# ACTIVITY
Where the data below contains pictures, omit them; output the rest word for word.

*** Opening EXERCISE DATA ***

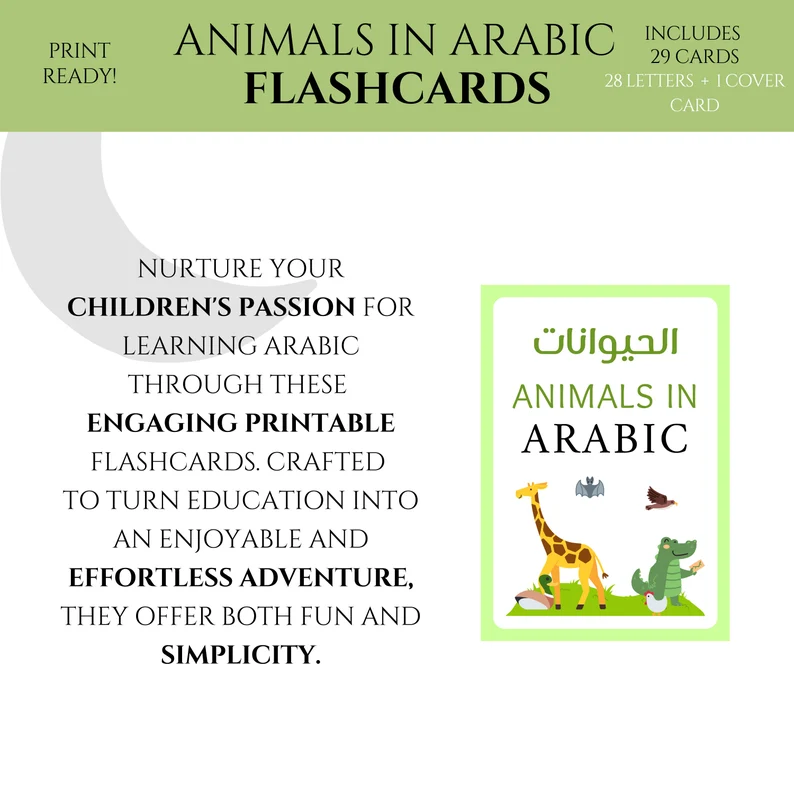 هذه المجموعة من الفلاش كاردز الملونة مصممة خصيصًا لمساعدة الأطفال على حفظ أسماء الحيوانات باللغة العربية بطريقة ممتعة وبصرية.
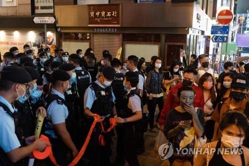 | ▲ 핼러윈 축제 인파 통제하는 홍콩 경찰 (홍콩 AFP=연합뉴스) 지난 30일 밤 홍콩 최대 유흥가 란콰이펑에서 경찰들이 통제선을 치는 모습. 2021.10.31. photo@yna.co.kr |
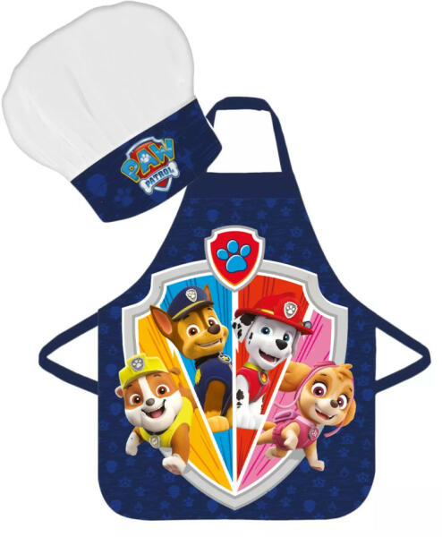 Paw Patrol, Mancs Őrjárat Shield Gyerek kötény 2 darabos szett Anyaga: 100% poliészter Szett tartalma: - 1 db kötény - 1 db kuktasapka Ajánlott 3-8 éves korig. Csomagolt termék, ajándéknak is kitűnő.

*** Closing EXERCISE DATA ***

# WRITTEN RESPONSE
 هذه المجموعة من الفلاش كاردز الملونة مصممة خصيصًا لمساعدة الأطفال على حفظ أسماء الحيوانات باللغة العربية بطريقة ممتعة وبصرية.
 | ▲ 핼러윈 축제 인파 통제하는 홍콩 경찰 (홍콩 AFP=연합뉴스) 지난 30일 밤 홍콩 최대 유흥가 란콰이펑에서 경찰들이 통제선을 치는 모습. 2021.10.31. photo@yna.co.kr |
 Paw Patrol, Mancs Őrjárat Shield Gyerek kötény 2 darabos szett Anyaga: 100% poliészter Szett tartalma: - 1 db kötény - 1 db kuktasapka Ajánlott 3-8 éves korig. Csomagolt termék, ajándéknak is kitűnő.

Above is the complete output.